But the need remains great. Too many people are killed and too many suffer lifelong injuries that will inflict decades of pain and require lifetime medical care. So it is important to learn that binge drinking, the consumption of more than five drinks in a row, remains prevalent among high school students.
Frighteningly, almost sixth percent of high schools seniors admit to incredible binge drinking of 15 drinks or more at a single time. One wonders how it is possible to avoid alcohol poisoning or death at this level, but this extreme binge drinking continues to occur and it is disturbing to find that it has become “more entrenched” among some students.
It is all the more disturbing, given that high school students, by law, have no access to any alcohol. The overall rate of 10 percent of high school seniors engaging in binge drinking of 10 drinks in a row has remained unchanged since 2005.
The rate has fallen from the early 1990s, when lower drinking ages allowed more seniors easy access to alcohol.

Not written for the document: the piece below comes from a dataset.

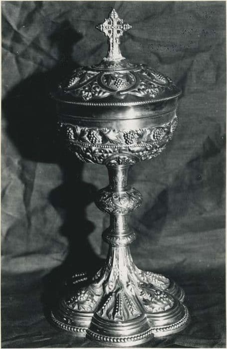 Ciboire à pied circulaire polylobé, sur chaque lobe motifs végétaux se référant à l'Eucharistie (pis de blé, grappe de raisin). Noeud sphérique aplati. Coupe et couvercle décorés des mêmes motifs végétaux avec dominante de grappes de raisins.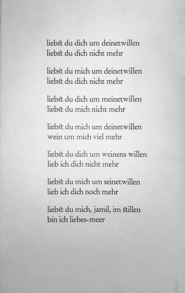 Aus: hadayatullah hübsch: liebe. gedichte. Originalminiaturen von Anne-Kristin Schaller. Düsseldorf: Eremiten, 1983, S. 11

At that time, the rate of binge drinking was almost 40 percent.
The danger in allowing extreme binge drinking to become entrenched as a behavior is that these students get in cars and attempt to drive. At these levels of intoxication, the risk of a motor vehicle accident is very high.
It is important to better identify high school students who may be at risk and increase the level of intervention necessary to prevent extreme binge drinking.